What you will notice is that there are packaged functions for handling the fsck
behavior and that if the prompting is declined, it correctly NEVER EVER stops
unless something incredibly serious happens.

Also, if you do a diff, you will see references to -gt for return codes from
fsck - this is where part of the problem originates. Fsck returns a bitfield.

Enjoy.
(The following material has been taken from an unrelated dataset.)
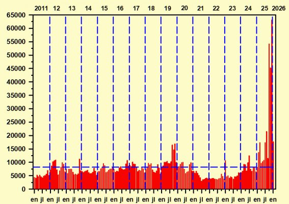 | Diciembre | 10.011 | 6.698 | 3.896 | 3.739 | 5.995 | 6.464 | 63.123 | |

I am attempting to desseminate this fix as far as it will go.

P.S. the /etc/nologin is an additional fix that corrects for when a powerfail
shutdown is terminated before completion.

You have no idea how many times I have had to hook up a monitor and keyboard to
my headless firewall even after setting the PROMPT value.

Hope this is helpful. :)

Can I be listed as a contributor???? :) :) :)

Comment 4 Shamim Islam 2003-09-02 01:50:10 UTC
Comment in AskForKey is reversed - returns 0 on no keypress, returns 1 on keypress. :) 

Comment 5 Shamim Islam 2003-09-02 01:59:42 UTC
Correction - AskForKey comment is correct. 
 
Returns 0 if key is pressed within timeout 
Returns 1 if key is not pressed within timeout 
 
Sorry - I got confused for a second - even though I commented it right the first time. 
 
When used in if statement, zero return code processes the then portion, and non-zero 
processes the else portion. :) 
 
The return code processing vs the [] evaluation had me mixed up for a moment. 

Comment 6 Shamim Islam 2003-09-08 15:03:49 UTC
Created attachment 94303 [details]
Corrects fsck behavior for headless machines, and streamlines code

Modified the Reboot() function slightly so the logic is more obvious.

Comment 7 Shamim Islam 2003-09-08 15:27:36 UTC
Created attachment 94304 [details]
Corrects fsck behavior for headless machines, and streamlines code

Extraneous CTRL-M injection detected in last upload - removed.

Comment 8 Bill Nottingham 2005-09-30 19:23:02 UTC
Closing bugs on older, no longer supported, releases. Apologies for any lack of
response.

This code was reworked before FC4. Notably, fsck is now only run once, and the
error code for 'reboot now' is properly handled.

Please open new issues for further problems with the fsck code - thanks!